The Swiss economy is recovering from the Covid pandemic and inflation has returned to the range required for price stability. However, the Swiss National Bank has insisted that it is too early to consider any tightening of monetary policy. In the light of that, GianLuigi Mandruzzato examines the proposed Swiss pension reform.

GianLuigi Mandruzzato
GianLuigi Mandruzzato

With Swiss monetary policy on autopilot, the focus has shifted to fiscal policy, including the pension system. There has been much discussion recently about the Federal Council’s proposed reform of the public Old Age and Survivors’ Insurance (OASI). The aim is to consolidate the first pillar of the Swiss pension system in the face of the worsening financial imbalances, a trend that will intensify with rising population’s longevity. The Federal Council has proposed raising the retirement age for women to 65 to reduce OASI expenditure and increasing the VAT rate to increase revenues. The retirement age of women would match that of men and the first cohorts of female workers affected would benefit from some compensation measures.

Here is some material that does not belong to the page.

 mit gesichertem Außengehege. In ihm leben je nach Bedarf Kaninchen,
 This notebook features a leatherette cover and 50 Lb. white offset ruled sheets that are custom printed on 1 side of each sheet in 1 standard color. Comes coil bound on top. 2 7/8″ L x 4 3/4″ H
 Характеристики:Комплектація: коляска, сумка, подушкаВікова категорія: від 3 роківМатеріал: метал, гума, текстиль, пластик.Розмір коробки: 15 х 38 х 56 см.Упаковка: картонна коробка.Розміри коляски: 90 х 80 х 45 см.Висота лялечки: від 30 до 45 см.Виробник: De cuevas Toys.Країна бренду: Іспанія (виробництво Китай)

However, public opinion polls show a majority against the pension reform and it seems likely that, as in 2017, this attempt to consolidate the pension system will also be rejected if put to a referendum. Paradoxically, this may not be bad news.

The current reform proposal of the OASI is problematic in that it does not solve the underlying problem but merely contains the financial costs over the next decade, too short a horizon compared to demographic trends whose effects unfold over several decades. The reform would reduce the OASI cumulative deficit to 2031 by about CHF 10 bn compared to the CHF 23 bn estimated by the Federal Social Insurance Office under current legislation.

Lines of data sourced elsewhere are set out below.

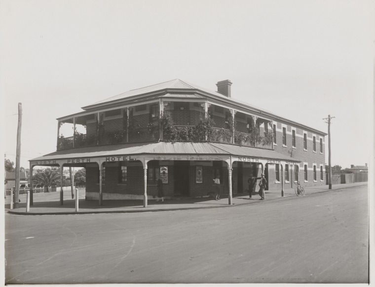BA533/157: North Perth Hotel, corner Charles St and Scarborough Beach Rd (at left), ca.1920
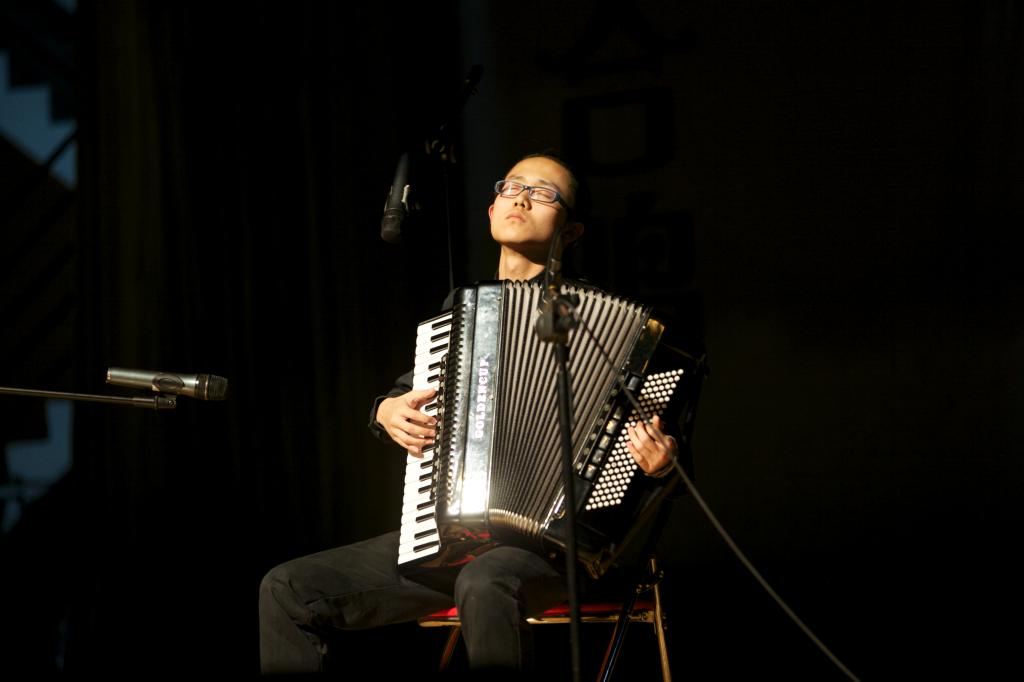 左边是由一个个小圆点组成的低音键钮,右侧分布着直立向外的黑白键,一个叫风箱的发声原动力在中间伸展,这个乐器的名字简单易懂——手风琴,一个用手操作的风琴。不过,结构复杂的外表赋予了它多个使命,不仅能参加重奏、合奏,还能够担当独奏的角色,用以演奏音色变化丰富的多声部乐曲,可以说“一架手风琴就是一个小型乐队”。它的每一寸“肌肤”在弹奏者的触摸下都可以发出意料之外的美妙声音,或用指关节轻敲,或用手指刮过,每一种声音都在节奏的润滑下变得妙不可言。这是一件小众的乐器,但是对于法语专业大四的学生陈润锋来说,却是再也熟悉不过。
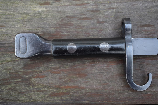 Mannlicher M 1895 Colonial (KNIL = Dutch Indies army) rifle and carbine. No Serial number. Excellent dark blued double edged slim blade with Austrian makers trade mark: OEWG on the ricasso and a Dutch inspector mark: Crown over S on the reverse side. Excellent+ blued square pommel and crossguard with a hooked quillon and a muzzle ring: MRD 14.5 mm. Excellent and rare black composite trials grips secured to the tang by two large steel rivets.
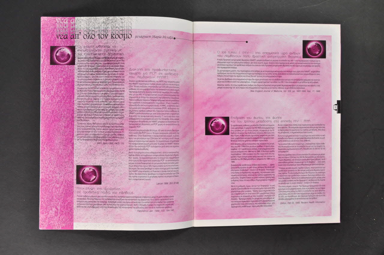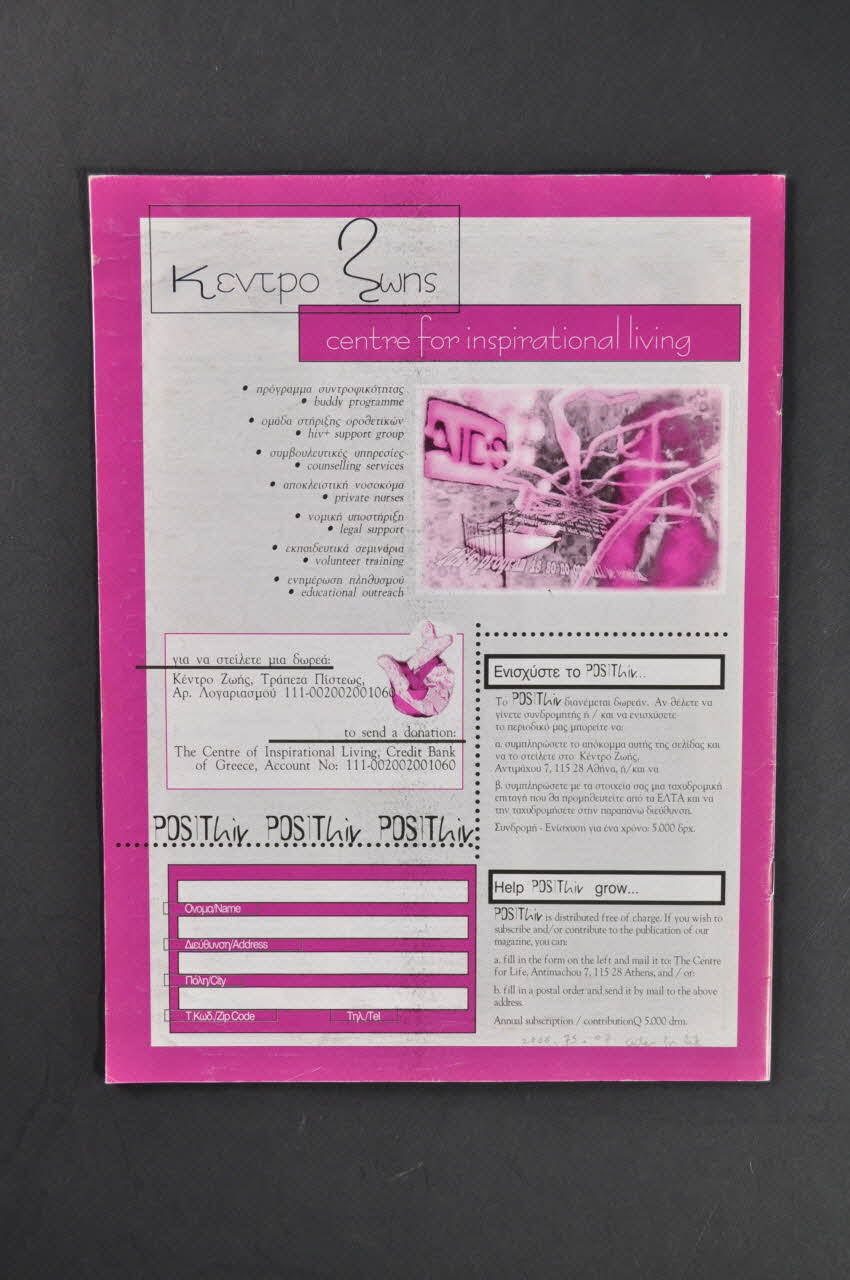 Revue publiée par l'association, entièrement en grec (traduire le sommaire) Couverture. Fond mauve. On entrevoit une image floue de femme derrière des barreaux. Bandeau vertical gris à gauche avec en capitales noires puis italiques roses :"Posit /hiv". En bandeau vertical rose, n°14, mars-avril-mai 1999, revue pour les personnes vivant avec le VIH/sida. Intérieur. certaines pages sont blanches, d'autres roses. Apparemment (vérifier) - nouvelles des traitements - nouvelles de l'association Apparemment, en 1997 (2006.75.06) la revue était bilingue grecque anglais et elle ne l'est plus en 1999.

A more efficient and fairer solution would be to universally increase the retirement age and incentivise voluntary delayed retirement. Since the OASI was created in 1948, the Swiss retirement age has been 65 years even though the life expectancy at birth has risen by more than 15 years and now approaches 84 years. According to the United Nations, it will increase by about one year every decade for the rest of the century. At 60 years of age, life expectancy in Switzerland exceeds 25 years according to estimates by the Legatum Institute.

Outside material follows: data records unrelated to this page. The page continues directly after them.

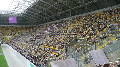 Rudolf Harbig Stadion mit 4000 Bläsern und natürlich der
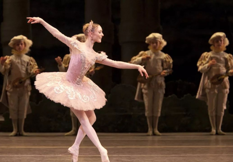 玫瑰柔板是奧羅拉公主與四國王子共舞的著名舞段,極其考驗女舞者的控制與平衡。一大看點就是公主在單腳尖站立的情況下把保持平衡的右手舉上去並依次交給4位王子,能做到又穩又美的程度真的超難!
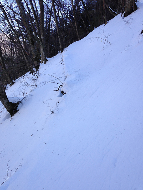 出発が遅れたので核心の急登手前で引き返し、トレースをダブルにして下山した。
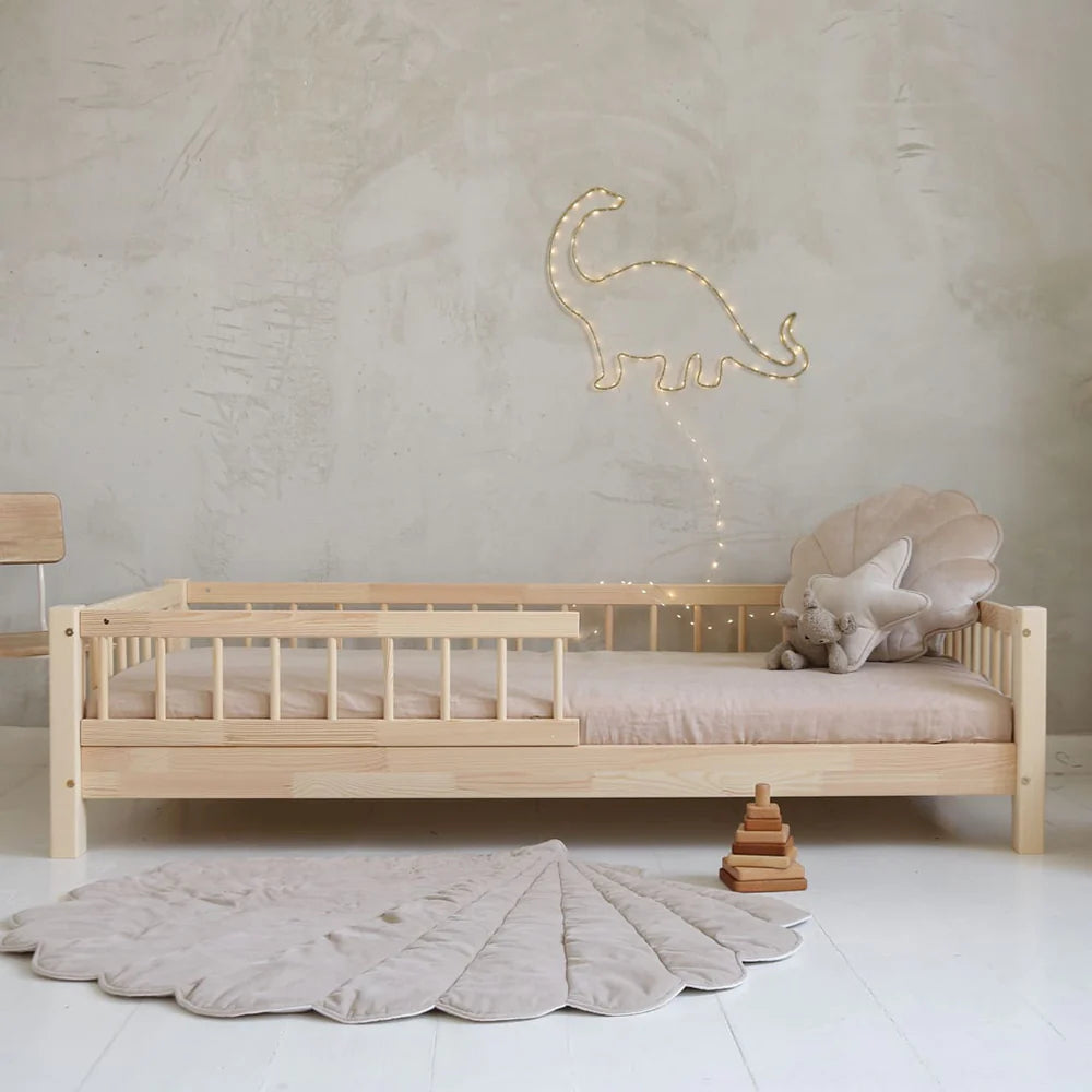 Gefertigt aus unbehandeltem, glatt geschliffenem Kiefernholz mit sanft abgerundeten Formen, passt das Bett perfekt in ein liebevoll gestaltetes Kinderzimmer. Das skandinavische Design wirkt leicht und freundlich und lädt tagsüber zum Kuscheln, Lesen oder Träumen ein.

The relatively low retirement age and increasing life expectancy mean the replacement rate for Swiss workers is almost 20 percentage points below the OECD average. Raising the retirement age would increase pensions supporting welfare and personal consumption throughout the life cycle. For every year that the retirement age is raised above 65 years, total pension benefits, including the compulsory occupational pension plans, would increase by more than 5%. Less need for extra savings to supplement the pension income and lower taxation, for both households and corporates, would benefit private consumption and enhance the competitiveness of Swiss corporates.